→ **Given data**:
- Opening Delimiter -
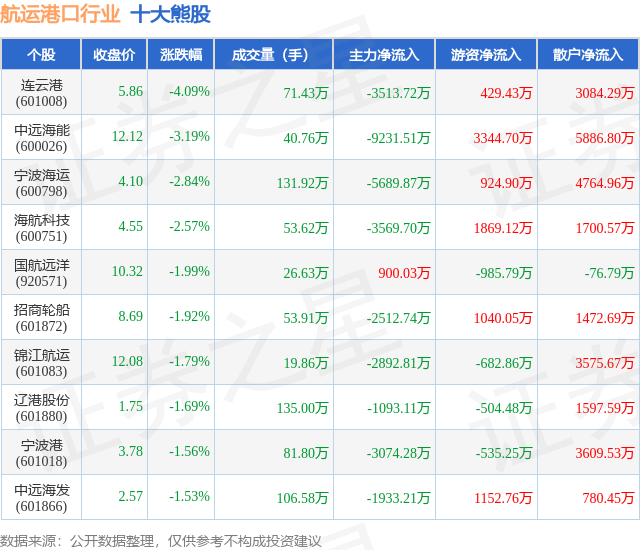 个股表现方面,航运港口行业当日领跌股为连云港(601008),该股当日报收5.86,下跌4.09%,成交量71.43万,主力资金净流出3513.72万元。中远海能(600026)以下跌3.19%紧随其后,该股当日成交量40.76万,主力资金净流出9231.51万元。除此之外,宁波海运(600798)、海航科技(600751)、国航远洋(920571)均进入当日熊股之列。具体个股列表见下表:
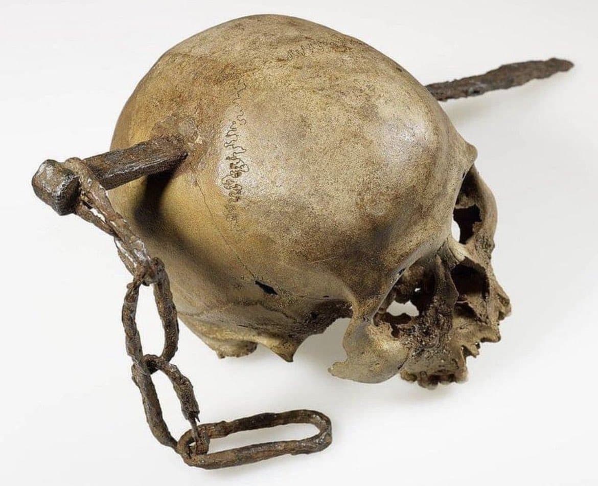 A Roman era skull found impaled with a large spike. It is currently on display in Bonn, Germany.
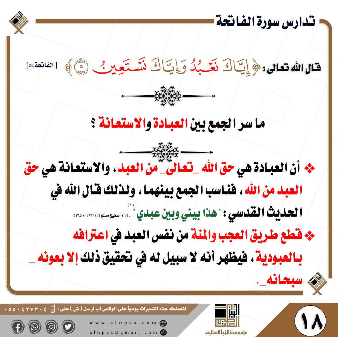 • التساؤل: قال تعالى: ﴿إِيَّاكَ نَعْبُدُ وَإِيَّاكَ نَسْتَعِينُ﴾ ما سر الجمع بين العبادة والاستعانة؟
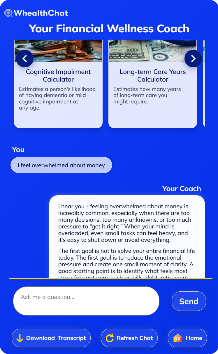 Designed like a financial therapist, the Coach can help reduce financial decision-making anxiety, alleviate retirement planning fears, lower caregiver stress levels, and improve the quality of family conversations around money and health.
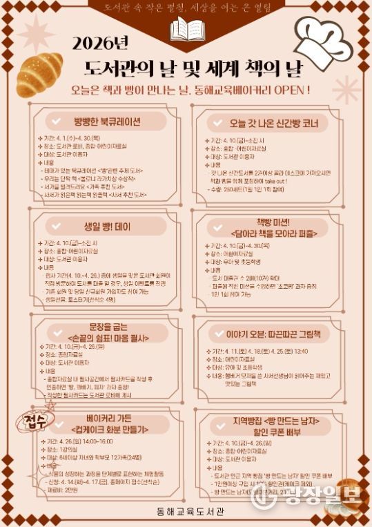 광장일보 이현나 기자 | 동해교육도서관은 4월 12일 도서관의 날과 4월 23일 세계 책의 날을 맞아 ‘오늘은 책과 빵이 만나는 날, 동해교육베이커리 오픈(OPEN)!’을 주제로 지역주민과 함께하는 독서문화 행사를 운영한다.
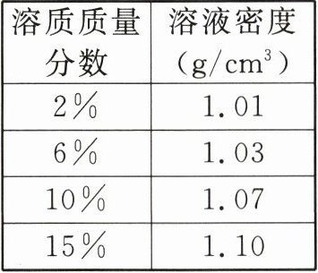|溶质质量分数|溶液密度$(g/cm^3)$|
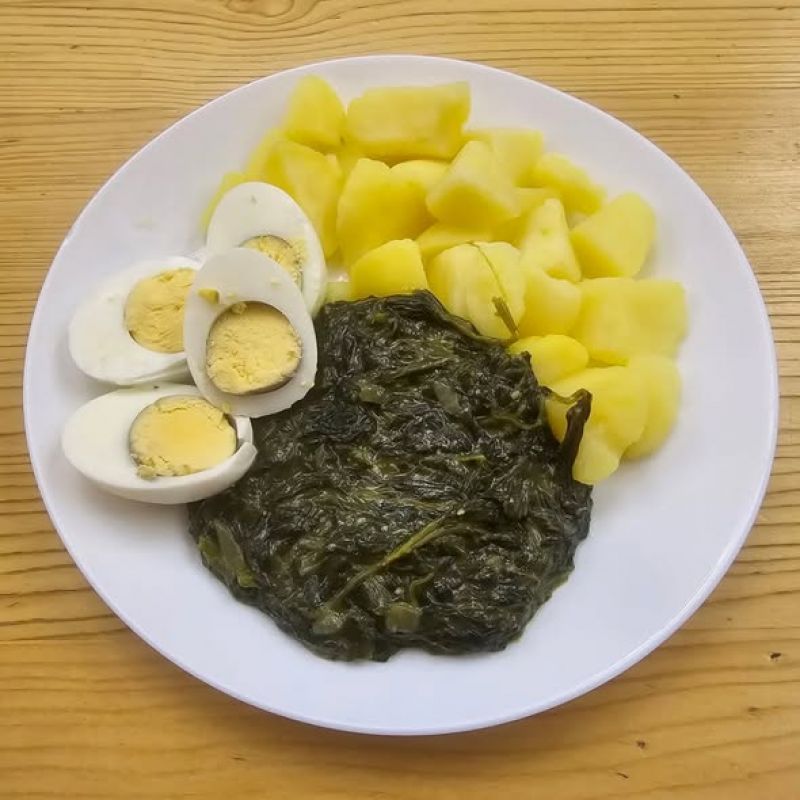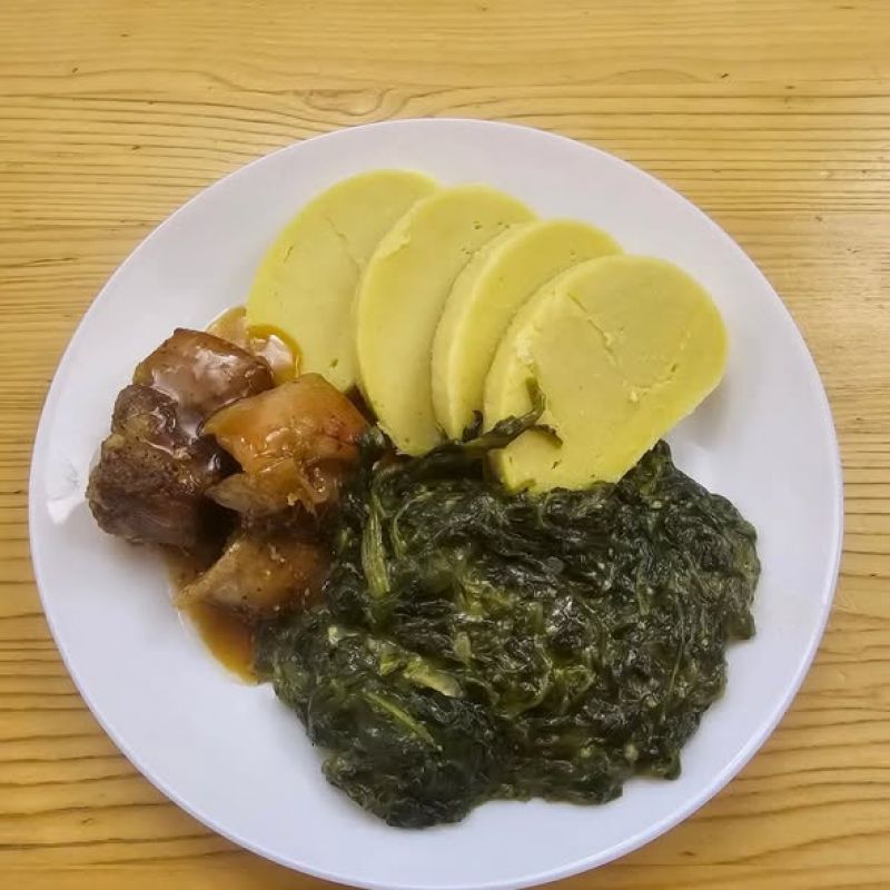 Vepřový vrabec, dušený špenát, vařený brambor 13.7
- Closing Delimiter -
→ **Task goal**: Where the data includes pictures, leave them out and write out everything else exactly.

→ **Problem solution**:
 个股表现方面,航运港口行业当日领跌股为连云港(601008),该股当日报收5.86,下跌4.09%,成交量71.43万,主力资金净流出3513.72万元。中远海能(600026)以下跌3.19%紧随其后,该股当日成交量40.76万,主力资金净流出9231.51万元。除此之外,宁波海运(600798)、海航科技(600751)、国航远洋(920571)均进入当日熊股之列。具体个股列表见下表:
 A Roman era skull found impaled with a large spike. It is currently on display in Bonn, Germany.
 • التساؤل: قال تعالى: ﴿إِيَّاكَ نَعْبُدُ وَإِيَّاكَ نَسْتَعِينُ﴾ ما سر الجمع بين العبادة والاستعانة؟
 Designed like a financial therapist, the Coach can help reduce financial decision-making anxiety, alleviate retirement planning fears, lower caregiver stress levels, and improve the quality of family conversations around money and health.
 광장일보 이현나 기자 | 동해교육도서관은 4월 12일 도서관의 날과 4월 23일 세계 책의 날을 맞아 ‘오늘은 책과 빵이 만나는 날, 동해교육베이커리 오픈(OPEN)!’을 주제로 지역주민과 함께하는 독서문화 행사를 운영한다.
|溶质质量分数|溶液密度$(g/cm^3)$|
 Vepřový vrabec, dušený špenát, vařený brambor 13.7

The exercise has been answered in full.